Single Ancestry vs. GOP

hi all,

so i found a decent source for a wide range of county level data up to 2010 through census. gov found here

The one major issue is that all the files are in xls format. I’ve played around with a couple of packages such as (xlsx), (XLConnect) and (readxl), that all claim to be able to read xls and xlsx documents from the web. I haven’t had any luck with any of them.

Examples that should work:

urlancestry= ""
 tblancestry = read_excel(urlancestry, sheet = "ANC01B", col_names = "ANC040209D")

tblancestry=read.table("", sheet = "ANC01B", col_names = "ANC040209D",header = TRUE)
 startCol = 8,
 endCol = 2)

I still wanted to mess around with some of the data so I downloaded some files and converted them to csv to be read from my hard drive. Eventually, I hope to figure out the whole xls thing, but for now its time to play with some data.

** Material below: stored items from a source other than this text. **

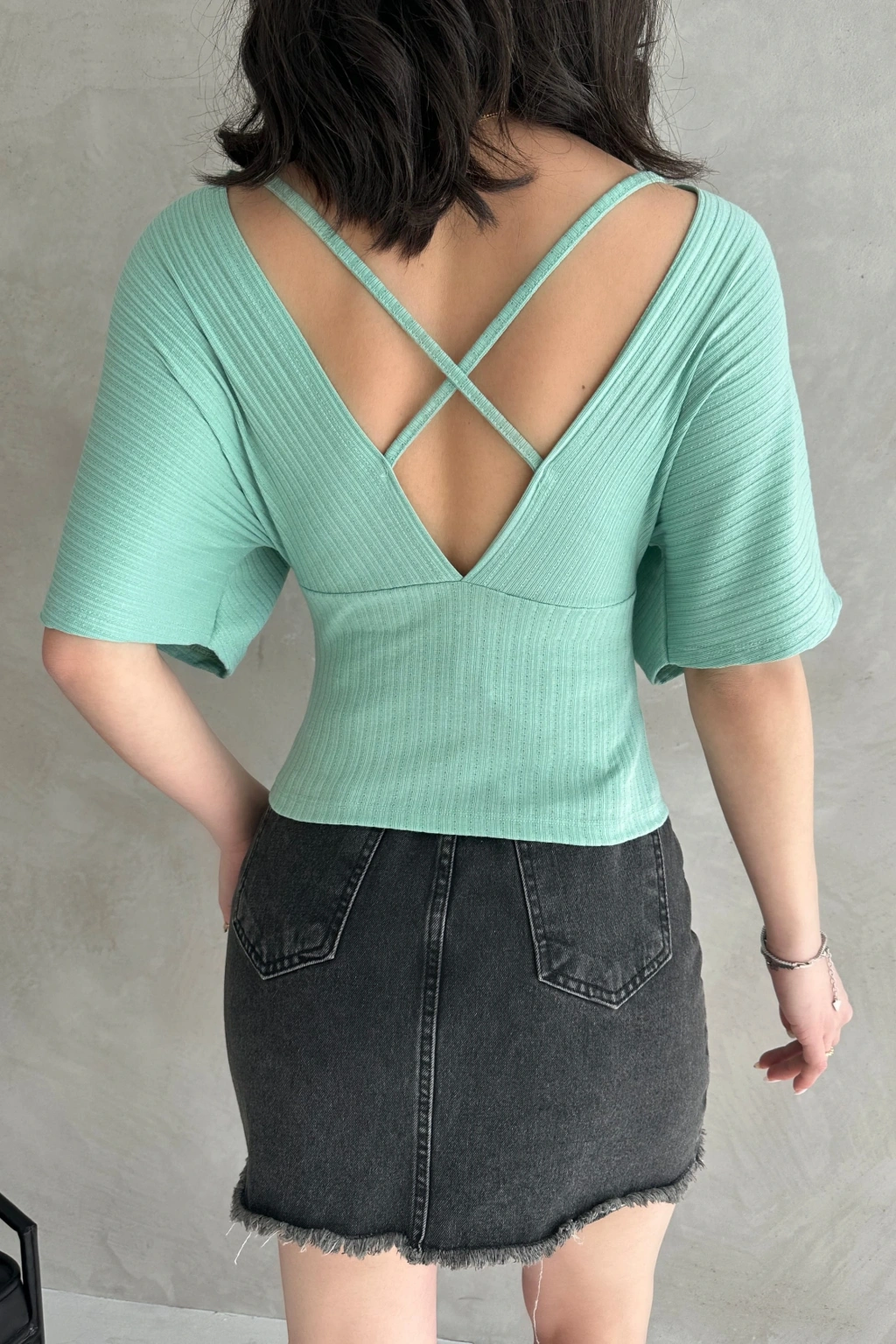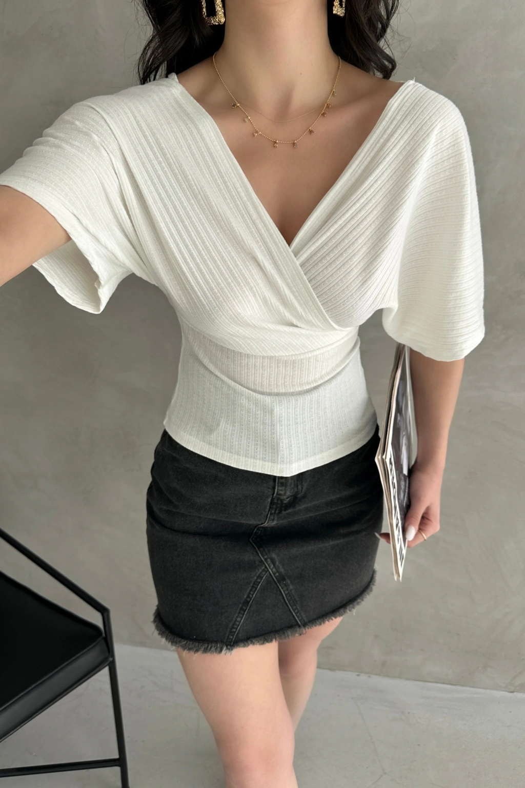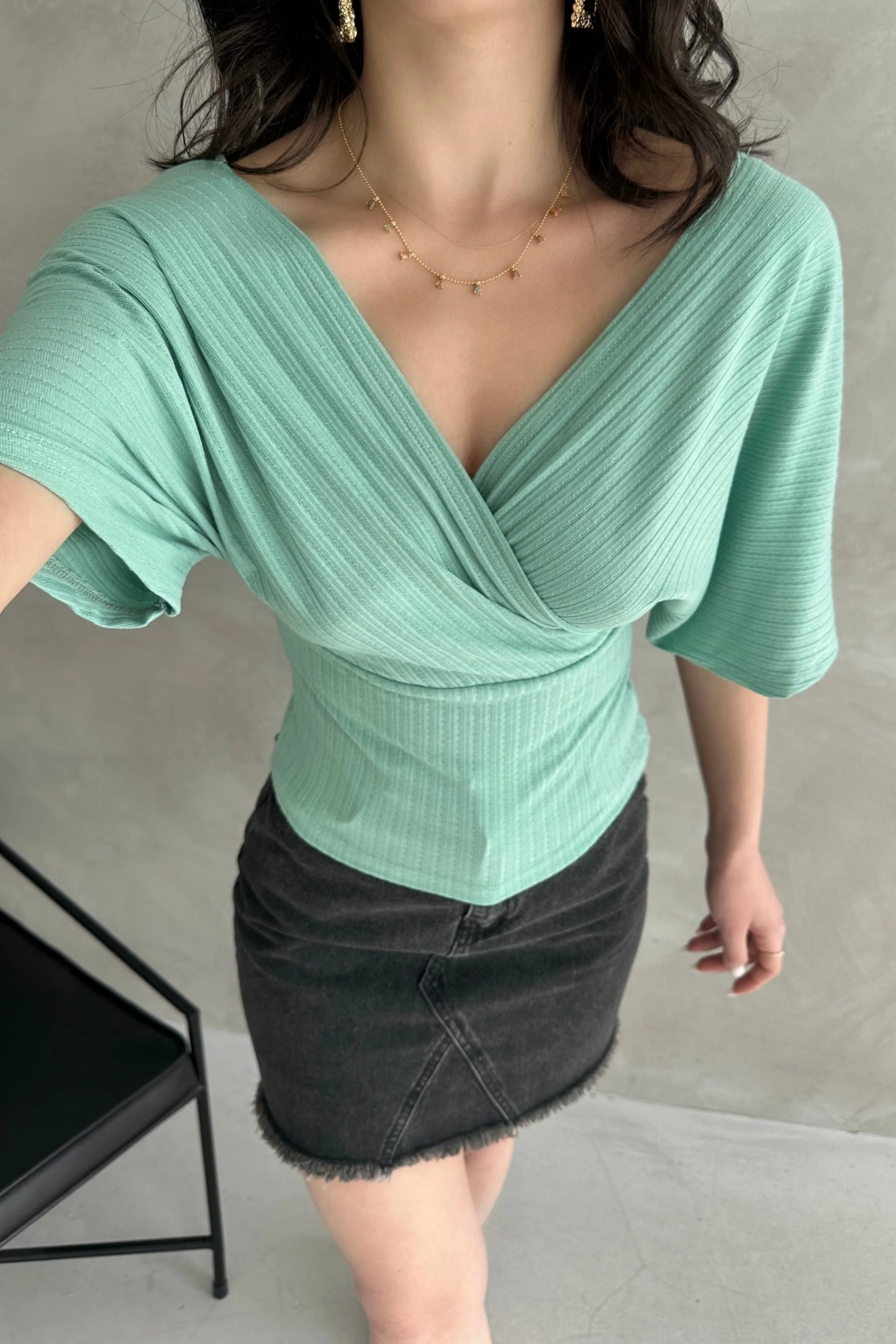 Ürün Adı :V Yaka Sırtı Çapraz Bantlı Fitilli Bluz
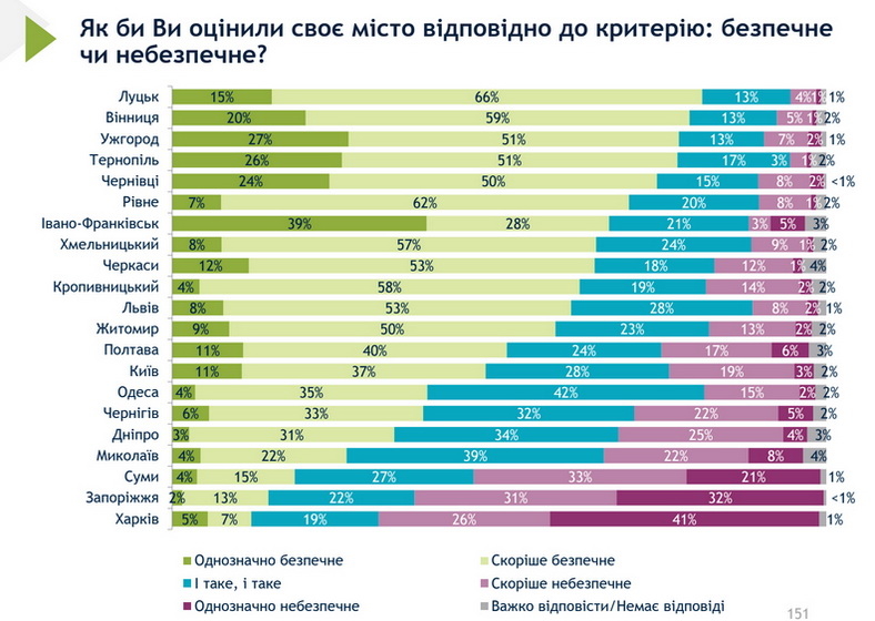 59% відсоткам житомирян у місті безпечно, а 15% - небезпечно.
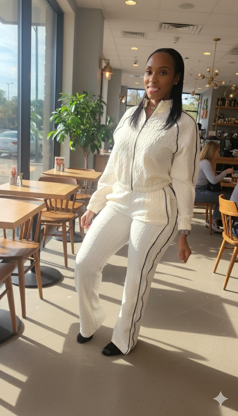 Pipping Stripes Front Zip Up Jacket and Pants Set
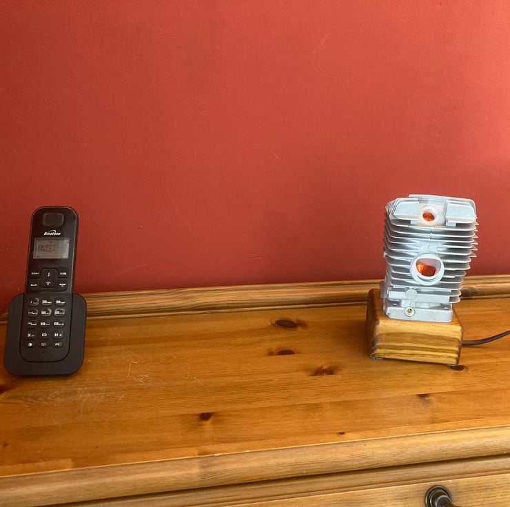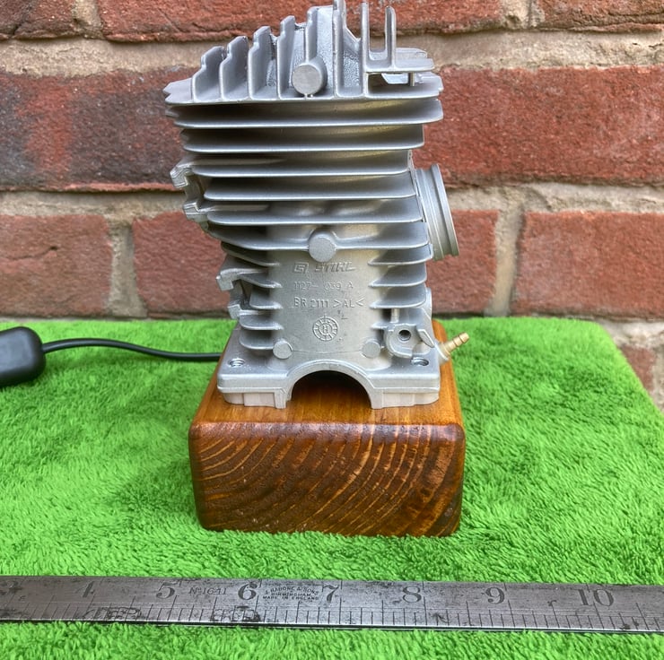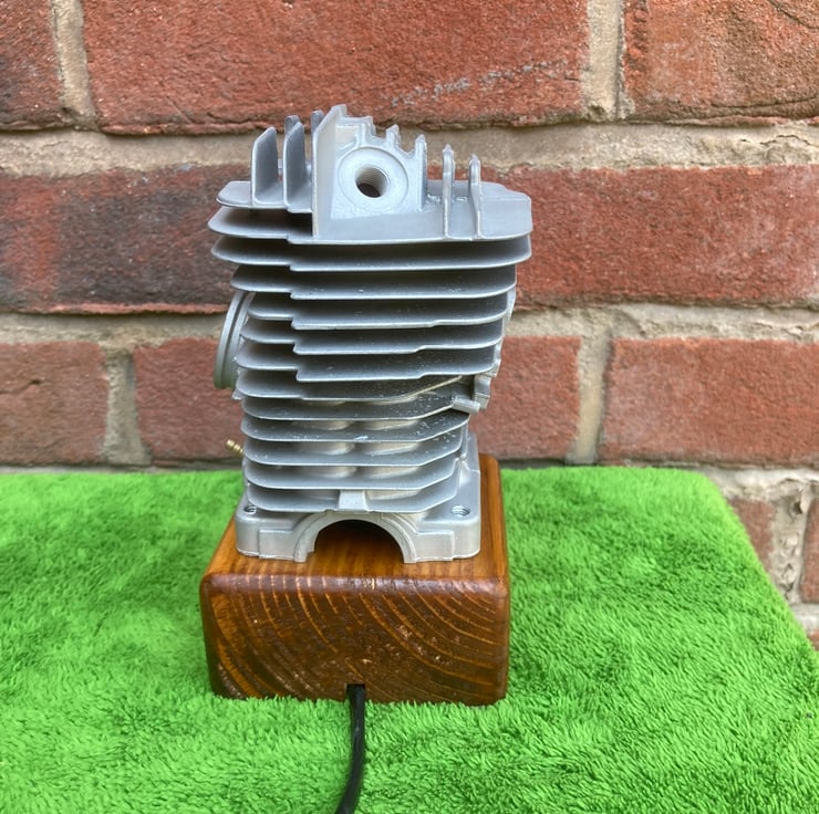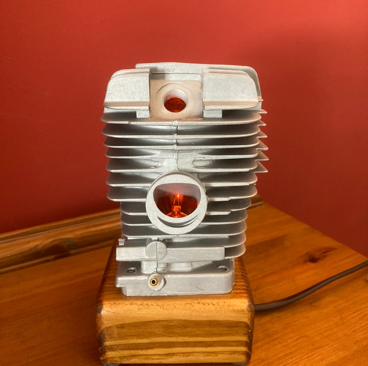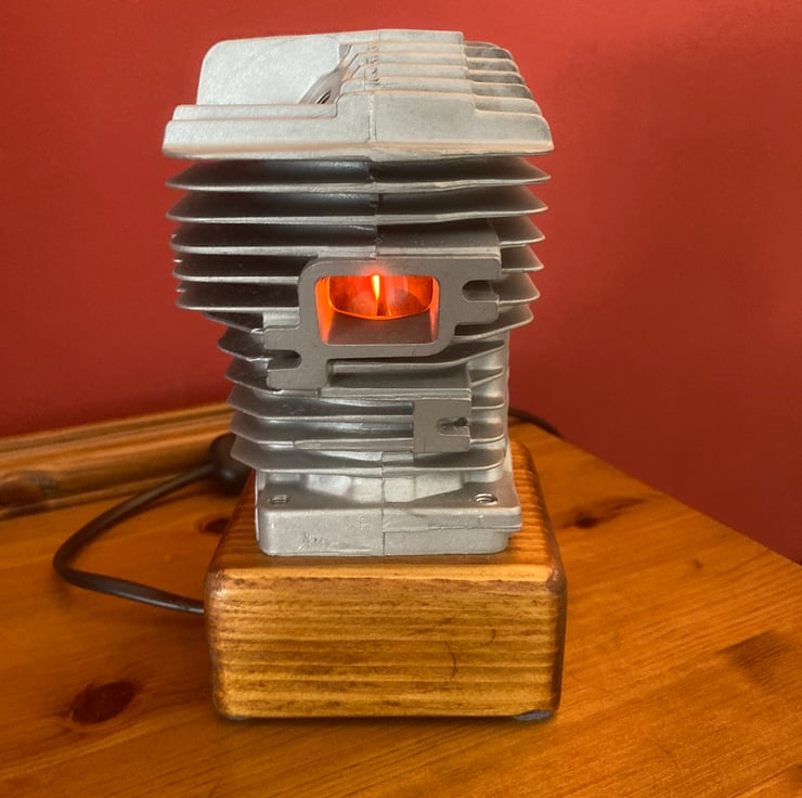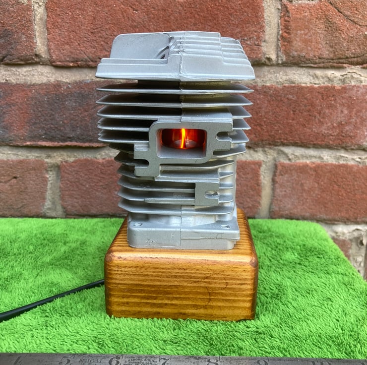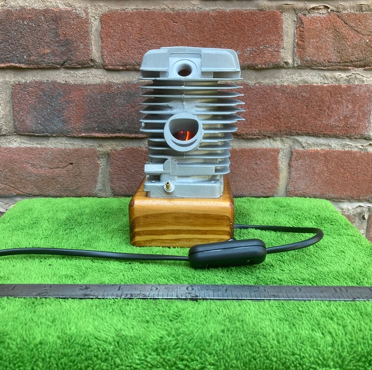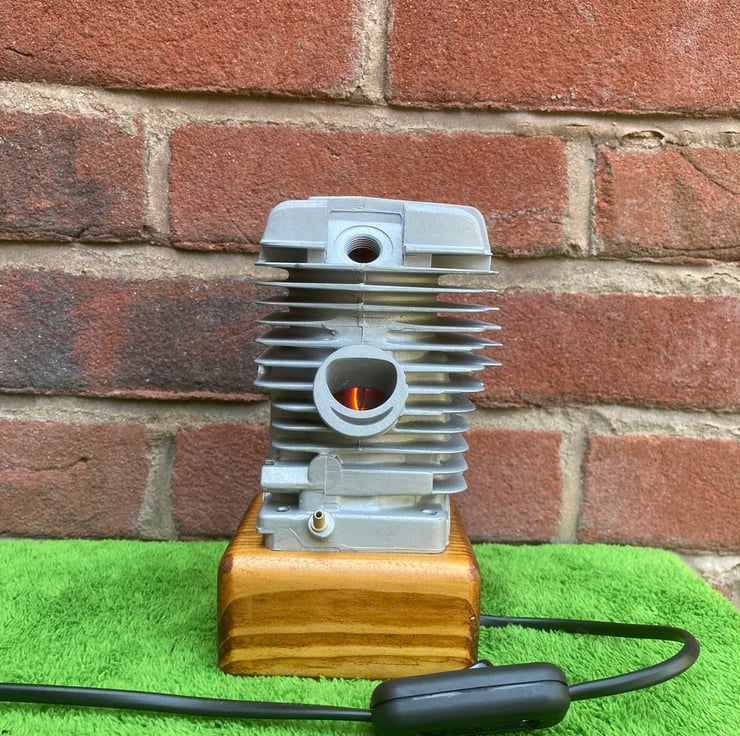 A used chainsaw engine cylinder, from a well-known and respected German manufacturer, mounted onto a reclaimed wood base. The cylinder, from a commercial grade chainsaw, has been thoroughly cleaned and degreased before being mounted onto a (sanded and French polished) salvaged wood base. I have fitted a black resin SES lampholder into the wooden base to hold a 3-Watt LED flame effect candle bulb inside the cylinder; the flickering red-orange light reflects beautifully from the polished bore of the cylinder and out through the ports. Two metres of new, unobtrusive, black flex fitted with black inline switch and 3-amp fused plug complete the lamp. A unique and decorative lamp that would create interest and atmosphere anywhere.
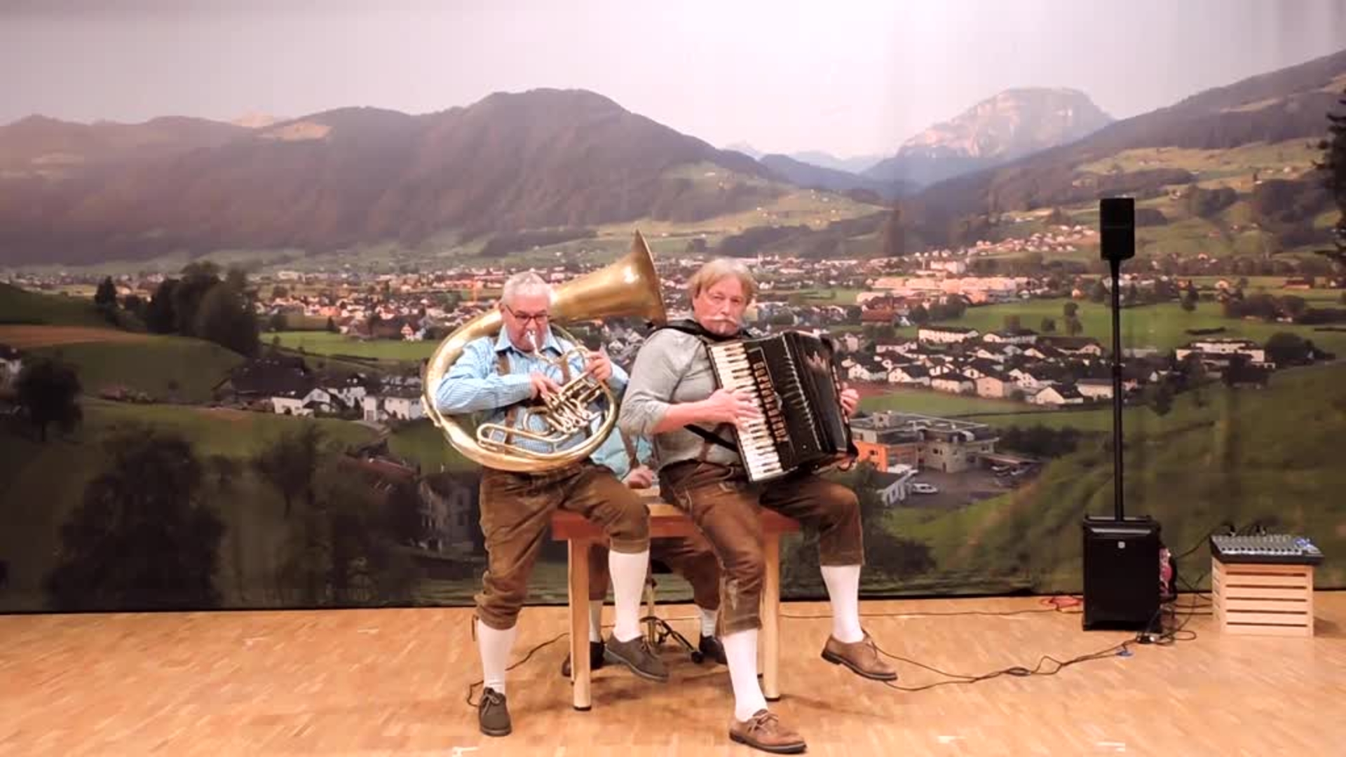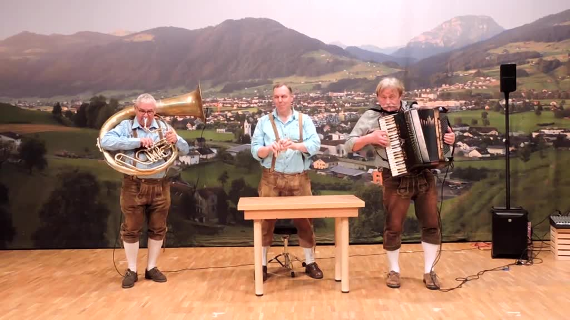The all-male group features a sousaphone, Swiss horn, accordion, and a TV talent show star on the castanets.
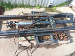 Mástil de carretilla elevadora de una etapa con desplazador - Mástil de 1 etapa. - Componentes de elevación y cadenas visibles. - Estructura metálica robusta.
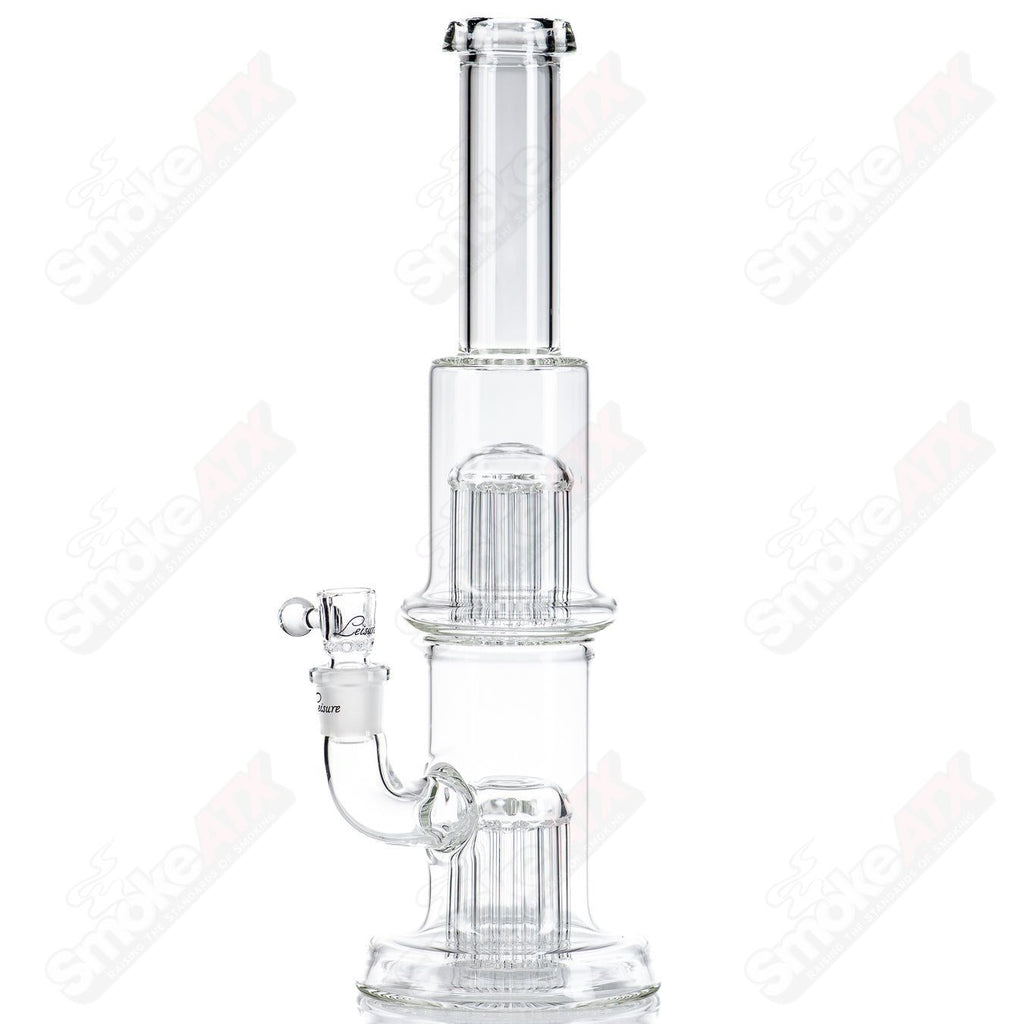 By 2007-2008, growing recognition from the glassblowing community led him to establish his brand, Leisure Glass, rather than just signing individual pieces. His signature designs include highly intricate tree percolators, with some featuring 54+ arms for maximum diffusion and function. His work ranges from incyclers to inline tubes with secondary tree percolator chambers, ensuring an ultra-smooth experience with every hit.

I chose a table that had county level data from 2010 showing those who report and associate themselves with a single ancestry. I thought it might be interesting to compare that with the election data to see if there are any correlations to the election results and populations considering themselves from a single ancestry. A table was also needed that had total population counts so I found one of those too.  To create a dataframe with a factor with which to work I began my code like this:

tblancestry=read_csv("C:/Users/davestrohmeier/Desktop/Geoviz/County Level Data/ANC01B.csv")
 tbltotalpop=read_csv("C:/Users/davestrohmeier/Desktop/Geoviz/County Level Data/ANC01A.csv")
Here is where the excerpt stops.